Дневник Рыжего - стр. 41
В этот раз меня утащило с истинного пути ненадолго, я довольно быстро вернулся к Лиле и, кажется, влюбился в неё ещё сильнее. А Оксана — это какое-то помутнение рассудка. Я ей стихи написал.
Самый лучший смех у тебя.
Искренний и лучистый,
Ты путеводная звезда,
На небе чёрно-мглистом.
Вот про звезду ей явно больше всего «понравилось», как она только ни рифмовала это слово.
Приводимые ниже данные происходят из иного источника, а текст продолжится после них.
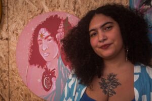A artista multidisciplinar e designer Sabres apresenta trabalhos que transitam entre pintura em diferentes suportes, pintura digital e gravura, explorando narrativas ligadas à identidade, memória e território. “A residência me permitiu maturar e canalizar de forma objetiva minha pesquisa, além de possibilitar ferramentas essenciais para a experimentação em conexão com o meu território”, explica.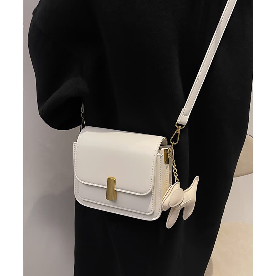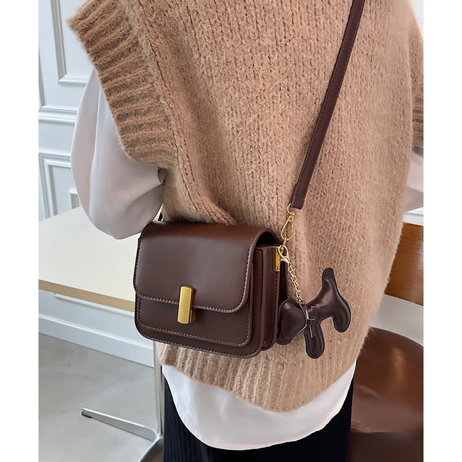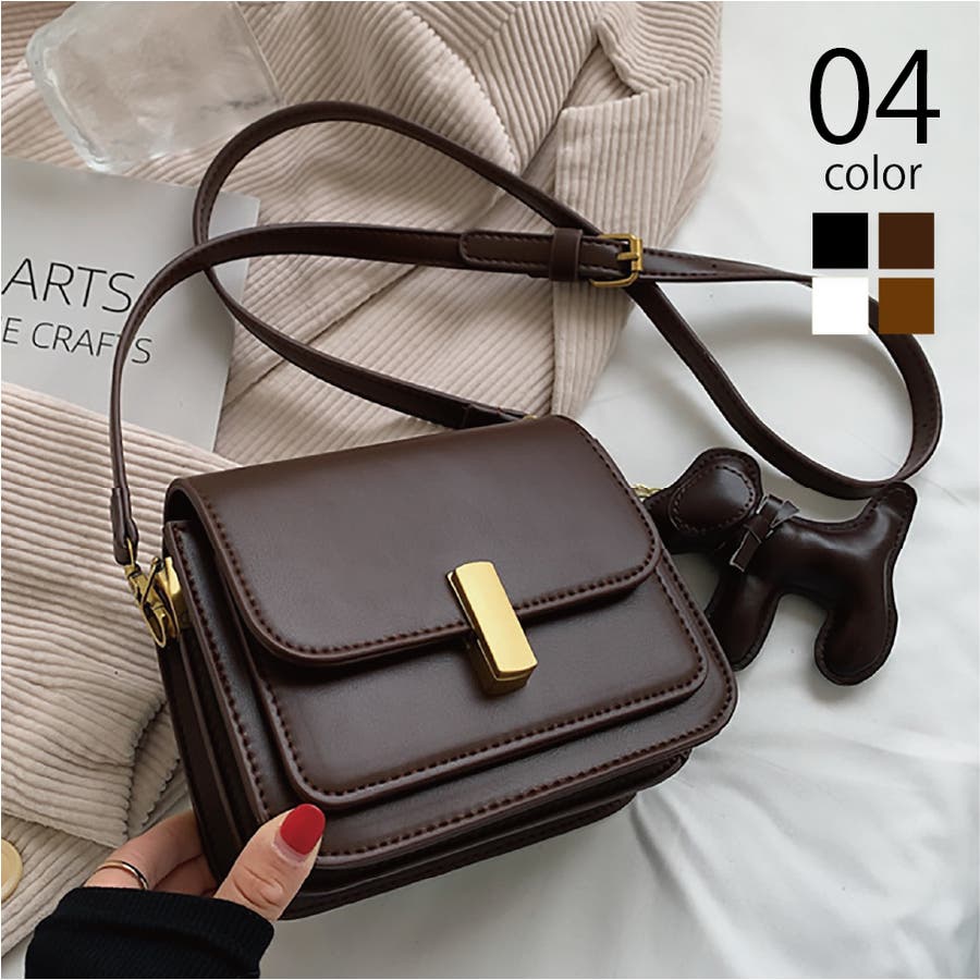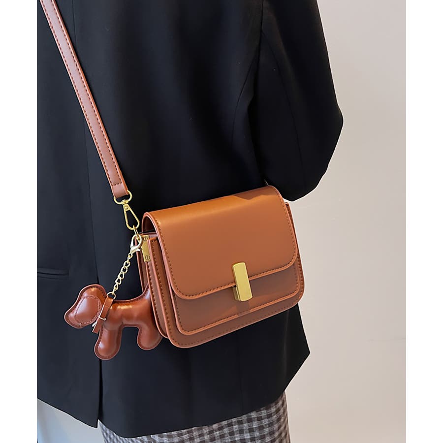 ドッグチャームがアクセントになったアクセ感覚で身につけられるスクエアミニバッグ。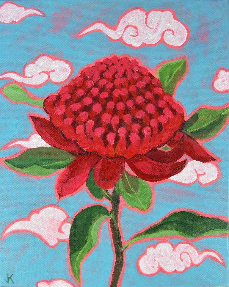 This work was originally shown in by "Culture Crash", an exhibition that explored multiculturalism in Australia. Oak floating frame. Ready to hang.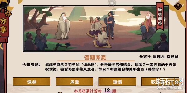 下面就一起来看看11ba小编带来的无悔华夏渔樵问答10.19答案一览。渔樵问答是无悔华夏的经典日常答题玩法,在这个玩法中玩家每天都会面对一个新的历史相关的问题,今天的问题是有关于春秋战国时期法家代表韩非子的著作的,难度比较大,感兴趣的玩家快来看看吧!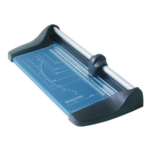 Kotoučová řezačka s broušeným kolečkem na profilované tyči s délkou řezu 330 mm. Pracovní stůl je vybaven natištěnými měřítky a úhly. Nechybí přítlačná lišta z průhledného plastu. Řezačka díky své konstrukci uřízne bez problémů až 10 listů papíru.

Самое ужасное, что не только сюда написал, но и ей отдал. Хохотала она громко. Хотя не сказал бы, что не ожидал от неё такого. Будь я внимательнее, вообще бы не рискнул. Какие, блин, стихи! Она же как мой папа, только младше и девушка. Будущий полуклассический качок. Наверное, меня покорила именно её непохожесть на других девушек и смелость. Хулиганка в рваных джинсах и без лифчика. С пацанами во дворе в футбол играла, материлась на уровне Лопаты и, в отличие от нас «бездельников», ушла из школы, не доучившись, чтобы обеспечивать себя и помогать семье. Мне-то один год остался, и всё — здравствуй, другая несвобода. Я и сам понимаю, что нужно выбирать институт уже сейчас, иначе пойду в папины гаражи. На самом деле стыдно сознаться, но я точно не знаю, кем себя вижу в будущем. Не потому, что нет увлечений, наоборот, их слишком много, и они постоянно меняются. Вечно меня качает из стороны в сторону. На папином языке «как говно в проруби». А Оксана не такая. Она грубая, резкая, но такая… цельная. Как и у моего папы, у неё все чётко и понятно. Вот интересно, о чём она думает перед сном?
Вечно у меня так — цепляют яркие люди. А смех у неё действительно самый лучший. Лиля редко смеётся, улыбается — да, часто. А вот смех. Я и не помню, когда она смеялась. В общем, Оксана прилюдно меня отшила, посмеялась своим красивым смехом и ушла играть в футбол.
Я уже приготовился обидеться на всю жизнь, собрался к папе в гаражи, когда Лиля вернула меня к жизни. Пригласила на концерт. О нём я слышал и от мамы, но, если честно, пропустил мимо ушей, а тут Лиля сказала, что будет выступать, и хотела бы меня видеть в зале. Папа слышал наш разговор, хмыкнул и заявил:
— Она тебя ревнует, к этой твоей Ксюхе-раздолбайке.
Я вообще не умею скрывать симпатии. И про Лилю все знали, и про Оксану. Даже родители. Но о ревности я не думал. Лиля? Меня? А если ревнует, значит, я ей небезразличен. Саня, грызи камыш, ничего тебе не светит! Лиля меня на концерт позвала!
А там я заново влюбился в Лилю.
Сейчас, вспоминая, как она играла, как лилась музыка, и как заворожено притихли зрители, понимаю, что можно влюбиться в талант человека. С восьми лет я несколько раз в неделю наблюдал Лилю у нас дома, вроде даже привык к ней, а тут будто впервые увидел. Это чудо какое-то, однозначно, что-то волшебное. Кишки в узел, в груди печёт, и вся жидкость организма хлынула к глазам. В тот момент я готов был стать пылью под её ногами, воздухом, которым она дышит. И плевать, что это все звучит как предзакатный бред слюнявого романтика.